***JC 2014 Maths Paper Two - Mon. June 9th 2014 - all levels***

emersyn

The paper is up

yaEHya

Reckon I got 140 in that paper and 165 in paper one so I got a ****ing d

andyman

Higher paper done here. I got 7:8 for Question 10 also.

Liordi

andyman wrote: »

Higher paper done here. I got 7:8 for Question 10 also.

How did you find it?

thetalker

the hardest question was undoubtedly the one about questioning people at lidl about their favorite place to shop

Liordi

thetalker wrote: »

the hardest question was undoubtedly the one about questioning people at lidl about their favorite place to shop

Not a sign of Aldi. :rolleyes:

andyman

Liordi wrote: »

How did you find it?

Let r1 = 6cm and r2 = 3cm then apply the formula:

V = π (r1^2 + r1r2 + r2^2) h/3

Answer should leave you with (in terms of pi) 147π

Put that answer over the answer for part (i) and you get a ratio of .875:1 or 7:8

Liordi

andyman wrote: »

Let r1 = 6cm and r2 = 3cm then apply the formula:

V = π (r1^2 + r1r2 + r2^2) h/3

Answer should leave you with (in terms of pi) 147π

Put that answer over the answer for part (i) and you get a ratio of .875:1 or 7:8

I meant the paper in general.
Thanks, though

andyman

Liordi wrote: »

I meant the paper in general.
Thanks, though

It seemed very fair to me. I know a lot of people were afraid yesterday because of a nice paper 1 but it was nice to see they were just nervous.

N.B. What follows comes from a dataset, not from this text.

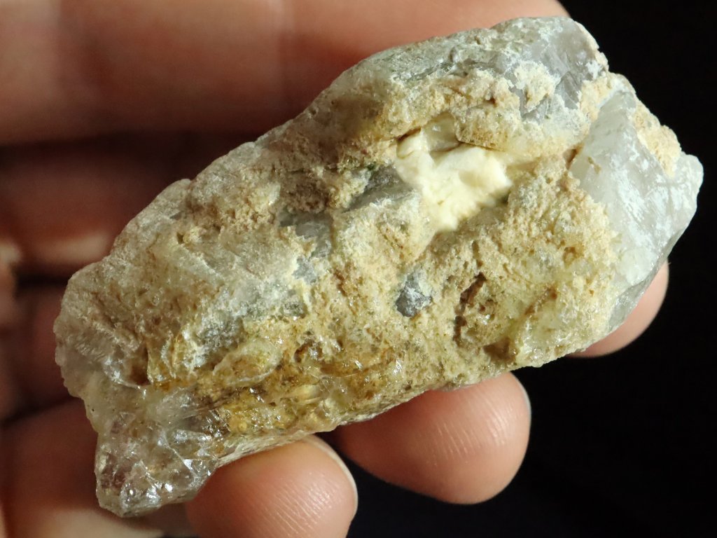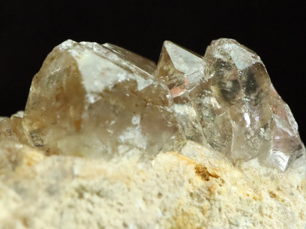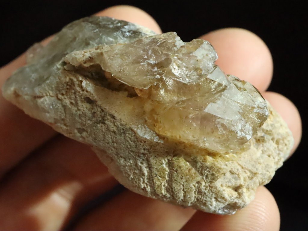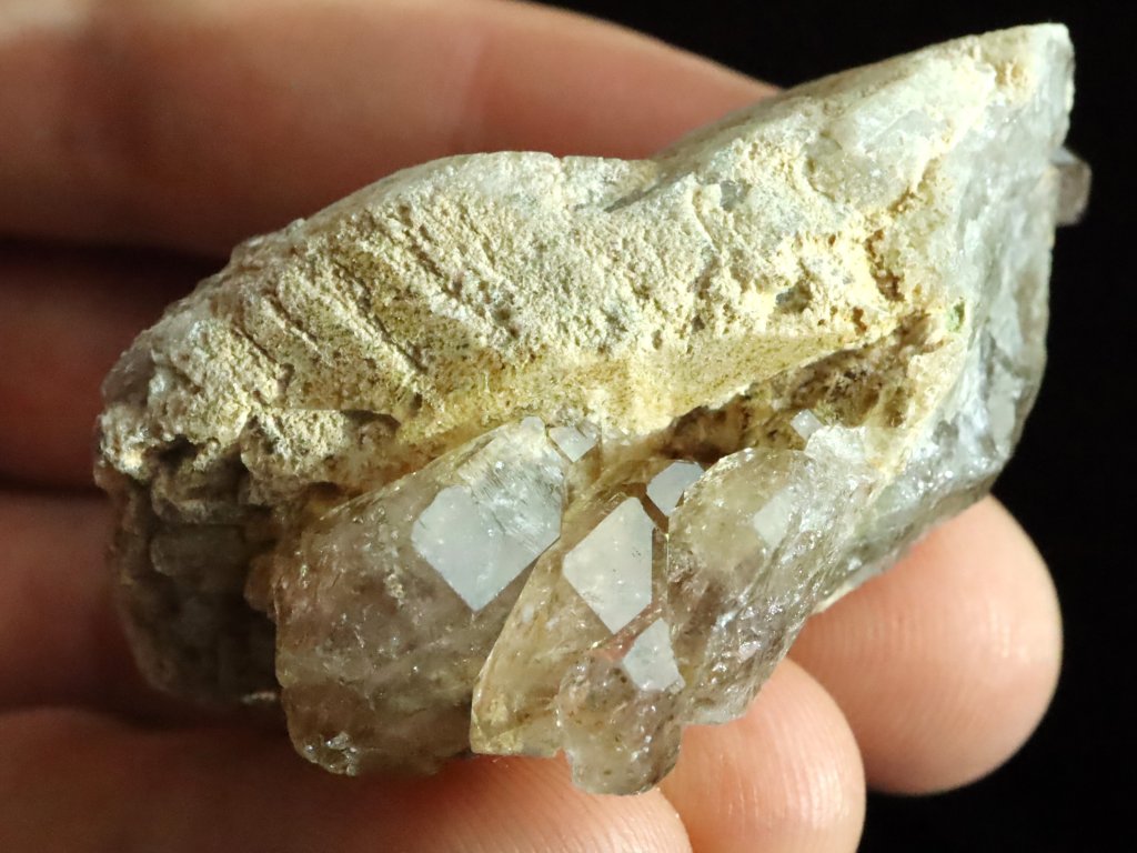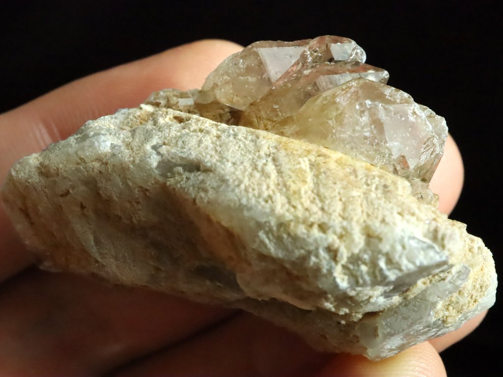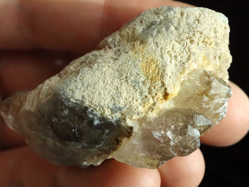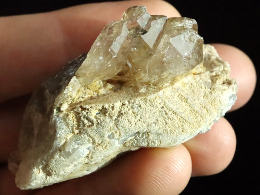Jedná se o několik krystalků a špiček kouřové záhnědy, která je narostlá na podložce / mateční hornině tvořené směsí křemene, albitu a ortoklasu.

Question two was very badly worded, which is an ongoing issue in Project Maths. I think the general idea was clear but a lot of students could easily have had to read it a couple of times.

Liordi

andyman wrote: »

It seemed very fair to me. I know a lot of people were afraid yesterday because of a nice paper 1 but it was nice to see they were just nervous.

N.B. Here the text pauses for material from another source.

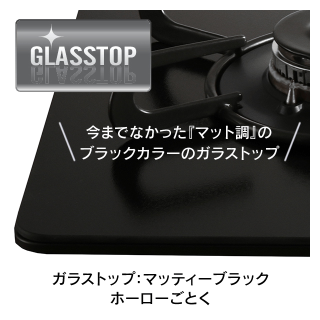 今までなかったマット調のブラックカラーのガラストップ。お手入れのしやすさはそのままに、こだわりのシックなキッチンに調和します。

Question two was very badly worded, which is an ongoing issue in Project Maths. I think the general idea was clear but a lot of students could easily have had to read it a couple of times.

Oh, are you a teacher or something?

andyman

Liordi wrote: »

Oh, are you a teacher or something?

Yes, just newly qualified.

Liordi

andyman wrote: »

Yes, just newly qualified.

Did you post the solutions online?

MangoMachine

andyman wrote: »

Yes, just newly qualified.

Hm if you could post a link with the solutions it would be brilliant!

MangoMachine

Answer to 8 (iii) anyone?

Liordi

MangoMachine wrote: »

Answer to 8 (iii) anyone?

x - 3y - 7 = 0

Emmie123

So happy with how paper 2 went! Hopefully that's pushed me to a high B

roisiny

DanielChester wrote: »

PS. That theorem of the circle was such a surprise, good thing I learned it the day before, I had doubts it would come up after seeing it in a previous exam paper.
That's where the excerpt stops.